**Task details**
Return only the lines of the data below from the line with "만성 스트레스 – 업무" up to and including the line with "A polícia acionou", exactly as written, with the pictures omitted.

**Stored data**
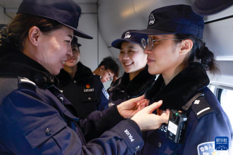 1月8日,老一代女乘警陈杨眉(右)在“丝路风华”女子乘警组成员出乘前反复叮嘱。
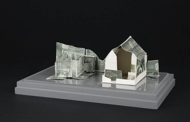Opera composta da due abitazioni in porcellana decorata, su base in legno e plexiglass e racchiuse da teca in plexiglass.
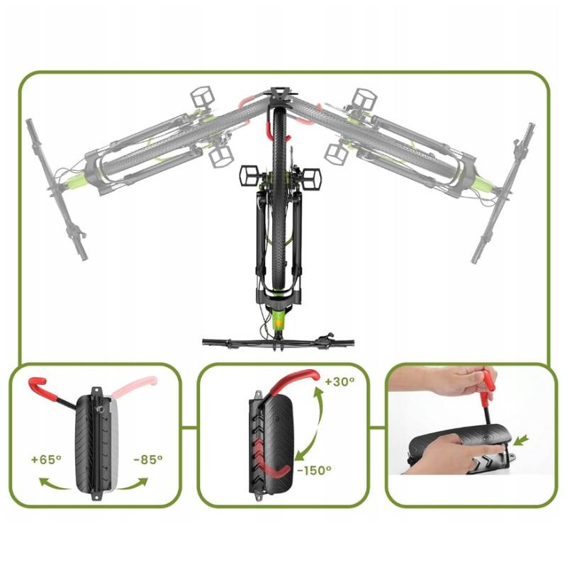 Dzięki obrotowej głowicy regulowanej w zakresie 150°, możesz dostosować pozycję roweru względem ściany – nawet w ciasnych pomieszczeniach. Uchwyt pozwala zaoszczędzić miejsce na podłodze, jednocześnie gwarantując bezpieczeństwo zawieszenia.
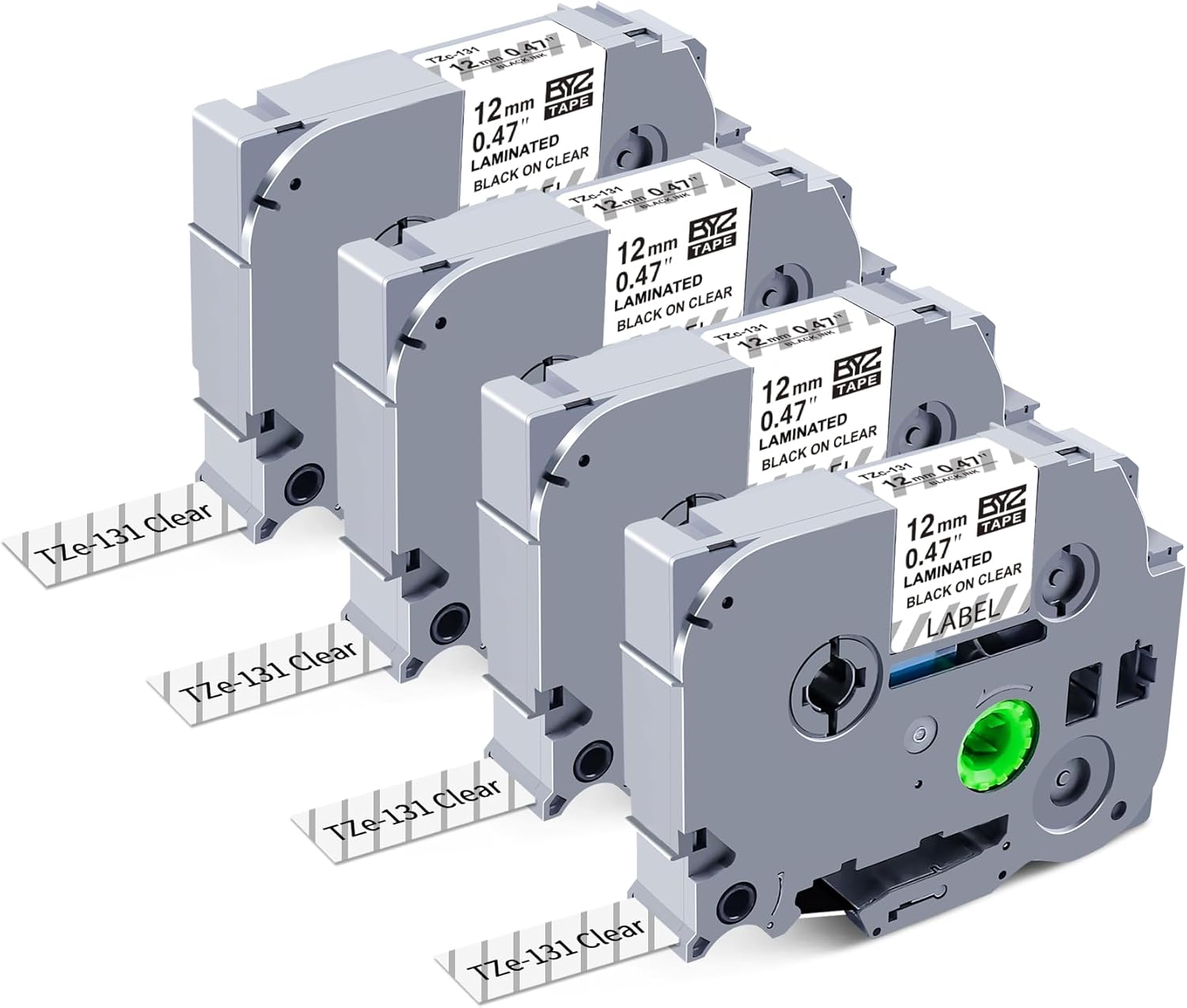 • Package: 4-Pack tze-131 12mm 0.47 laminated black on clear tape Replacement for Brother P Touch TZe-131 TZ-131, 1/2 Inch x 26.2 feet (12mm x 8m).
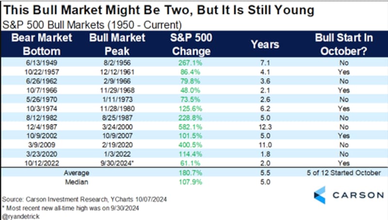 Según la consultora internacional Carson, el actual mercado alcista se inició en octubre de 2022 y lleva ya dos años de duración, con una ganancia superior al 61%.
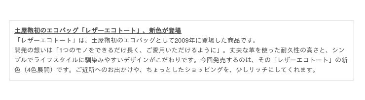 オリジナルの革鞄・小物を製造販売する老舗、(株)土屋鞄製造所(東京都足立区)は、上質な国産ピッグスエード(豚革)を使用した、長く使える革のエコバッグ「レザーエコトート」の新商品を2021年4月15日(木)から発売します。
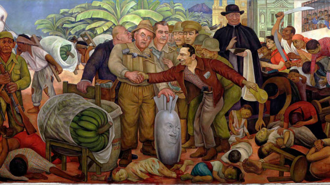 «Gloriosa victoria», obra del muralista mexicano Diego Rivera. En el centro del cuadro, el secretario de estado de los EE.UU, John Foster Dulles le da la mano a Castillo Armas. El jefe de la CIA, Allen Dulles, y el embajador estadounidense en Guatemala, John Peurifoy están regalando dinero a los comandantes militares, mientras que los indígenas trabajan como esclavos, cargando los barcos de la United Fruit Company con bananos. A los pies del embajador, hay un bomba antropomorfizada que contiene la cara sonriente del presidente Dwight Eisenhower. En el fondo está el arzobispo Mariano Rossell y Arellano oficiando una misa sobre los cuerpos masacrados de los trabajadores. Este cuadro fue prohibido en los Estados Unidos y desapareció completamente durante los siguientes cincuenta años. En el año 2000, fue encontrado en una bodega del museo Pushkin, en Rusia y desde entonces, está en calidad de préstamo y en exhibición permanente en México. Este mural aunque retrata un episodio de la historía Guatemalteca, en realidad muestra la politica Norteamericana en América Latina, que grande Diego Rivera!.
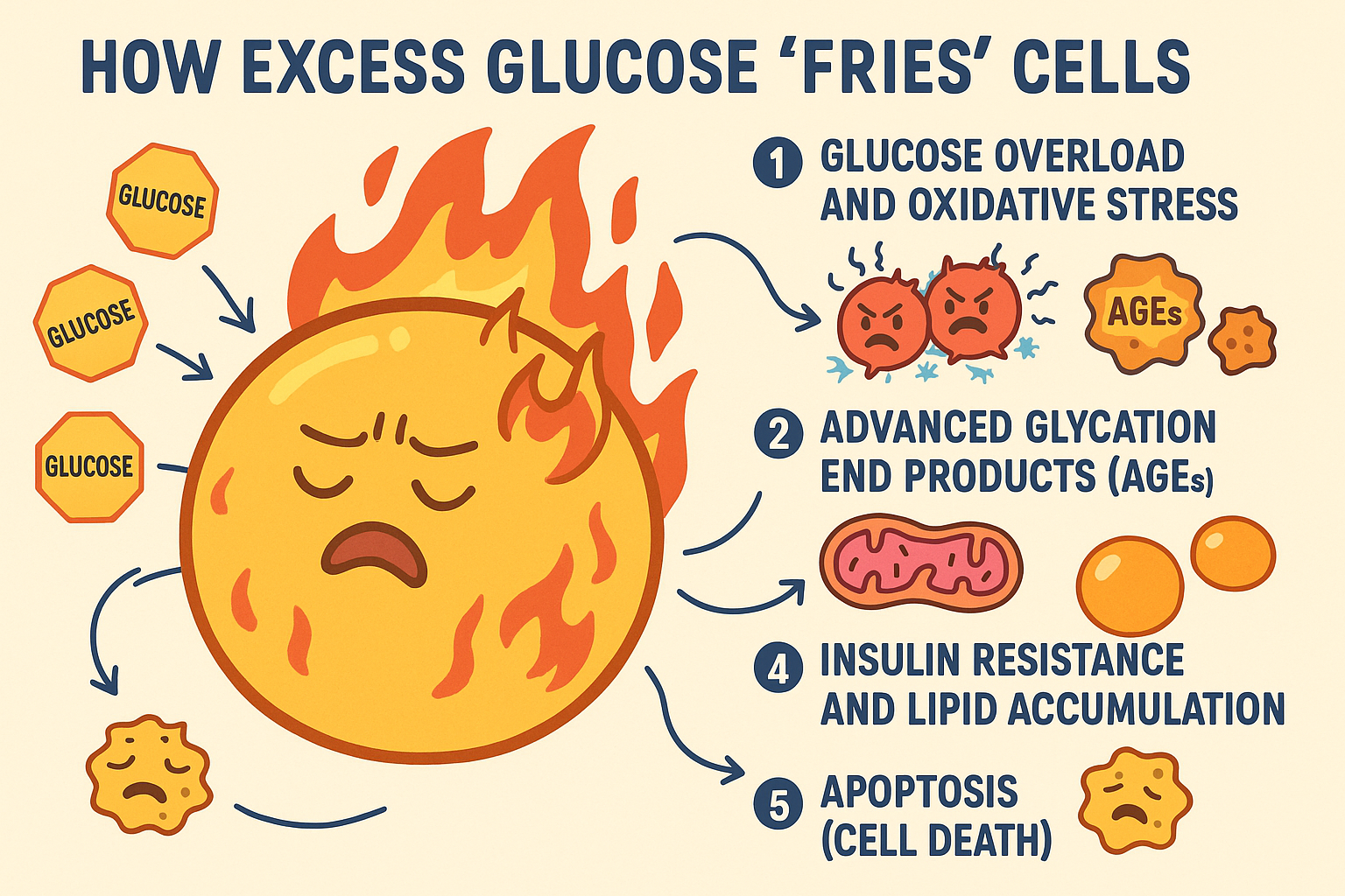 When cells are overwhelmed with glucose, they start producing excess reactive oxygen species (ROS) — unstable molecules that damage DNA, proteins, and cell membranes. This process is known as oxidative stress.
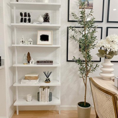 85" Theo 6 Tier Wood Wall Mount Ladder Bookshelf Rustic Oak/White Metal - Nathan James
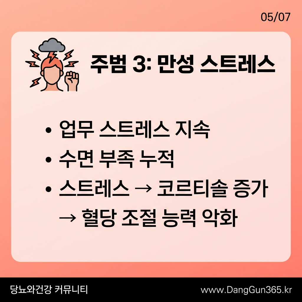 만성 스트레스 – 업무 과부하와 수면 부족이 코르티솔 분비를 증가시켜 혈당 조절을 방해한다.
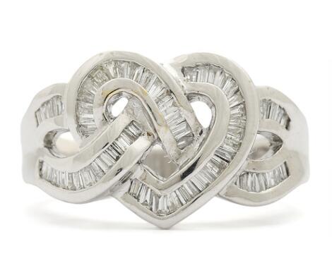 A diamond ring set with numerous baguette-cut diamonds in the shape of a heart, mounted in 18k white gold. Size 55.
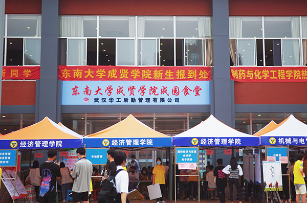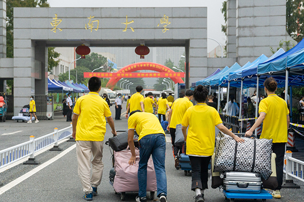 迎新当天,为做好疫情常态化防控工作,新生按照流程错峰进校。南京市公安局江北新区分局内保支队二大队刘维大队长一行、江北新区公安分局泰山新村派出所李庆伟副所长一行、江北新区公安分局交通警察支队第一大队高新中队刘梦辰中队长一行协助今年会保卫工作,在校区及周边进行交通疏导、维持秩序;迎新工作人员与志愿者学生一早到岗,为新生提供热心周到的服务,利用货车、小推车搬运行李,高效快捷;各学院井然有序为新生办理各项入学手续,答疑解惑;志愿者在火车站、地铁站、校内及周边亲切为家长、学生指引道路、搬运行李;“绿色通道”工作人员给予答疑解惑,给新生以人文关怀。
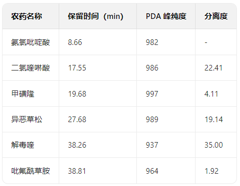 6 種農(nóng)藥實現(xiàn)基線分離,分離度均>1.5,峰純度優(yōu)異,關(guān)鍵參數(shù)如下:
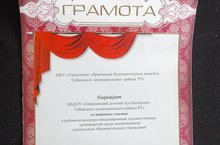 "1 июнь-балаларны яклау көне" уңаеннан, район күләмендә үткәрелгән әкият сәхнәләштерү конкурсында актив катнашкан өчен, бакчабызны грамота белән бүлкләделәр.
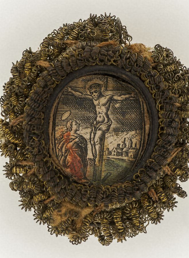 片面に神の子羊、片面にキリストの磔刑像を描いています。前者は本来旧約聖書の罪を贖うための生贄として描かれていましたが、本図のように旗を持つ子羊は、下に記された「IHS」と同様に、キリスト教の図像ではイエス・キリストの象徴となります。
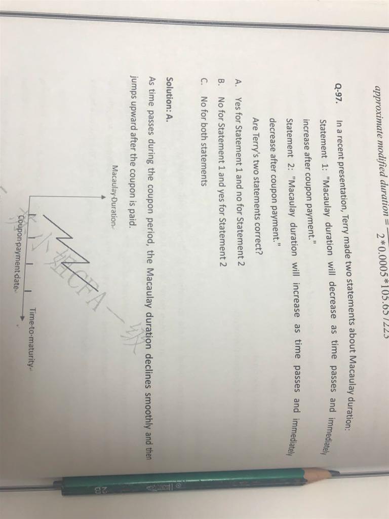 这是百题的题目。我看图理解Macaulay duration 是先上升,在coupon payment时突然下降,为什么答案截然相反?
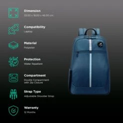 Arctic Fox Chrome Polyester Laptop Backpack For 15 Inch Laptop (27 L, Water Repellent, Deep Dive)
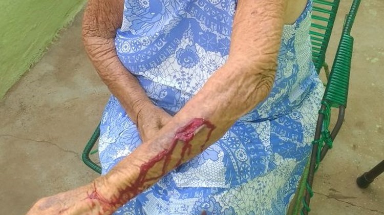 A polícia acionou o Conselho do Idoso da cidade, que chegando a residência indicada constatou a veracidade da denúncia e encaminhado a vítima, que estava com ferimento no braço ao hospital.
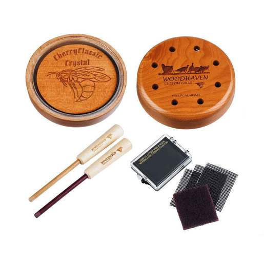 Woodhaven Calls The Cherry Classic Crystal Turkey Friction Call - The most versatile of the series, the CherryClassic Crystal is easy to use. With a range of sound from the highest and sweetest notes on the front to a raspy, absolute drop off across the shelf. The hard biting two note yelps and cutts are remarkable on this call. Surface Conditioning Kit Surface Saver Lid 2 hand matched strikers
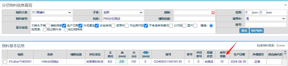 倉(cāng)庫(kù)管理-物料分切管理-新增分切通知單 進(jìn)入界面選擇對(duì)應(yīng)的庫(kù)存 選擇過(guò)來(lái)會(huì)帶上所有的合并卷數(shù) 點(diǎn)擊分切,注意分切資料需要將剩余不變的片料記錄上去。
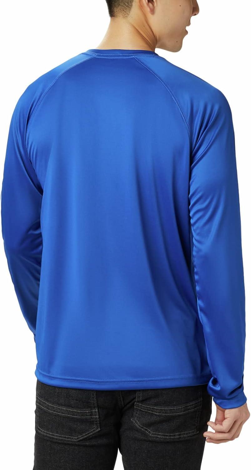 Made with sweat-wicking, sun-shielding stretch fabric, this performance shirt keeps you going on warm days. From town to trail, it has you covered. Columbia offers this shirt in multiple colors and sizes. Extended sizing available. Regular fit.
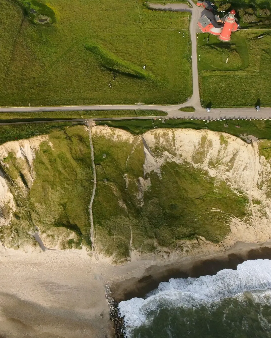 Bovbjerg Fyr is another of Denmark's iconic flying sites you may have seen. It has a beautiful backdrop of the red lighthouse that glows in the evening sunset. An amazing site with great variety for a small area. I often used it as a base to fly south to Trans Kirke and north to Ferring. The variety of terrain on this 4 km stretch of coast is world class. From 5m grassy ridge lines to 30m vertical cliffs with everything in between. Bovbjerg has a lower grassy section that is helpful for launching full size wings or even a Mo on really strong days. It has a staircase and handrail that is fun to session.
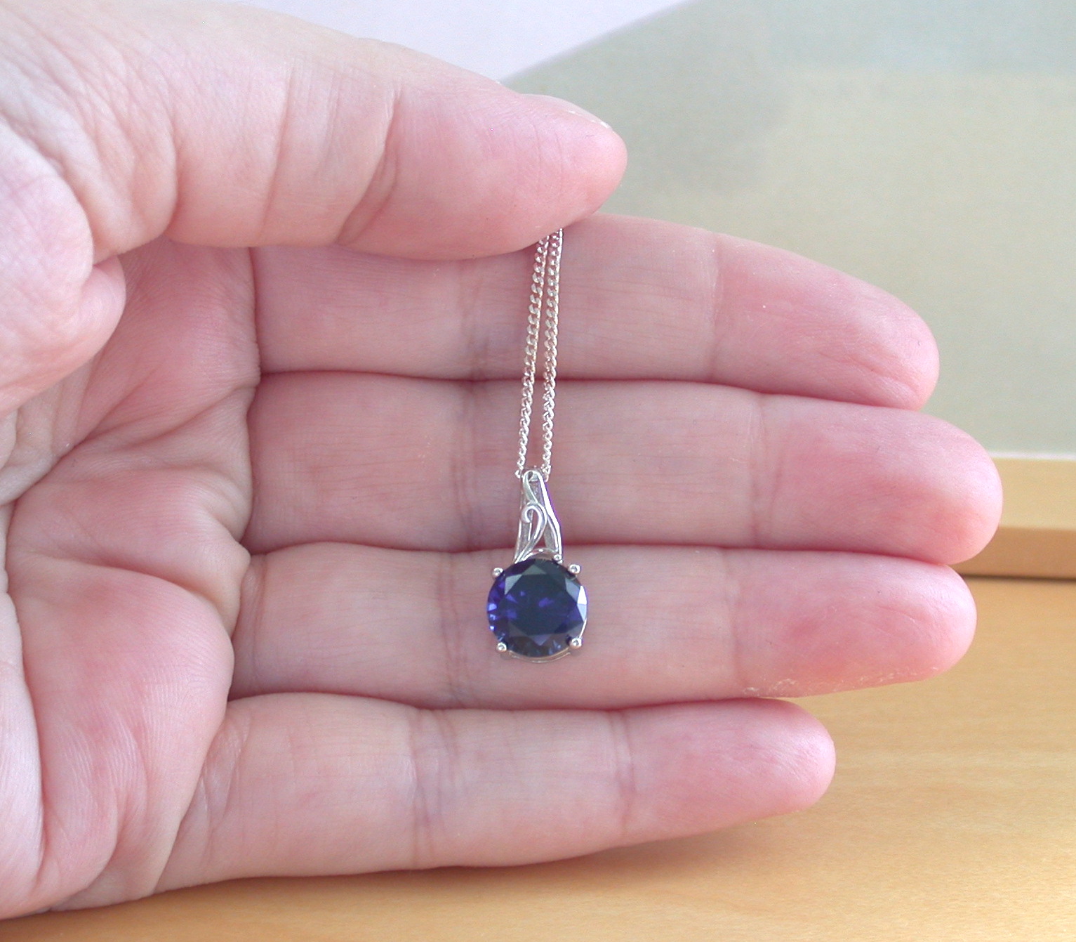 BOXED GIFT /925 Sapphire (Lab Created) Solitaire Pendant & Chain/Sapphire Jewelry/Silver Sapphire Necklace/Sapphire Pendant/Sapphire Gift/UK
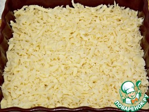 • Сыр натереть на крупной терке и разложить поверх крошек.
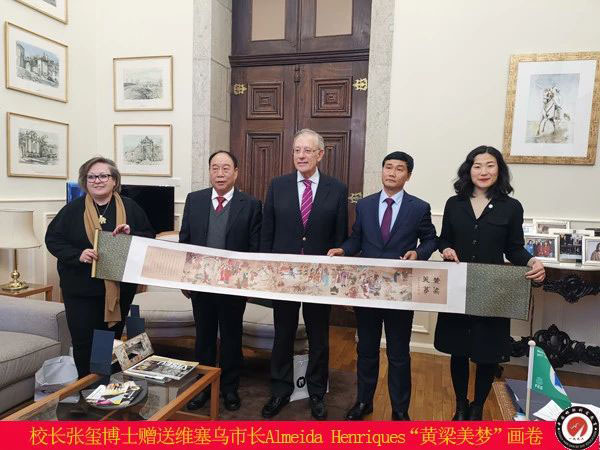 2019年1月10日—16日,為了積極響應(yīng)國家主席習(xí)近平倡導(dǎo)“一帶一路”號召,為學(xué)生提供更加廣闊發(fā)展舞臺,應(yīng)葡萄牙維塞烏理工學(xué)院校長Paiva教授的邀請,校長張璽博士、書記高志遠(yuǎn),訪問葡萄牙維塞烏理工學(xué)院洽談合作辦學(xué),在葡期間維塞烏市長Almeida Henriques先生,會見校長張璽博士一行,葡中經(jīng)貿(mào)促進(jìn)會舉辦歡迎晚宴歡迎校長張璽博士一行。

**Answer box**
 만성 스트레스 – 업무 과부하와 수면 부족이 코르티솔 분비를 증가시켜 혈당 조절을 방해한다.
 A diamond ring set with numerous baguette-cut diamonds in the shape of a heart, mounted in 18k white gold. Size 55.
 迎新当天,为做好疫情常态化防控工作,新生按照流程错峰进校。南京市公安局江北新区分局内保支队二大队刘维大队长一行、江北新区公安分局泰山新村派出所李庆伟副所长一行、江北新区公安分局交通警察支队第一大队高新中队刘梦辰中队长一行协助今年会保卫工作,在校区及周边进行交通疏导、维持秩序;迎新工作人员与志愿者学生一早到岗,为新生提供热心周到的服务,利用货车、小推车搬运行李,高效快捷;各学院井然有序为新生办理各项入学手续,答疑解惑;志愿者在火车站、地铁站、校内及周边亲切为家长、学生指引道路、搬运行李;“绿色通道”工作人员给予答疑解惑,给新生以人文关怀。
 6 種農(nóng)藥實現(xiàn)基線分離,分離度均>1.5,峰純度優(yōu)異,關(guān)鍵參數(shù)如下:
 "1 июнь-балаларны яклау көне" уңаеннан, район күләмендә үткәрелгән әкият сәхнәләштерү конкурсында актив катнашкан өчен, бакчабызны грамота белән бүлкләделәр.
 片面に神の子羊、片面にキリストの磔刑像を描いています。前者は本来旧約聖書の罪を贖うための生贄として描かれていましたが、本図のように旗を持つ子羊は、下に記された「IHS」と同様に、キリスト教の図像ではイエス・キリストの象徴となります。
 这是百题的题目。我看图理解Macaulay duration 是先上升,在coupon payment时突然下降,为什么答案截然相反?
 Arctic Fox Chrome Polyester Laptop Backpack For 15 Inch Laptop (27 L, Water Repellent, Deep Dive)
 A polícia acionou o Conselho do Idoso da cidade, que chegando a residência indicada constatou a veracidade da denúncia e encaminhado a vítima, que estava com ferimento no braço ao hospital.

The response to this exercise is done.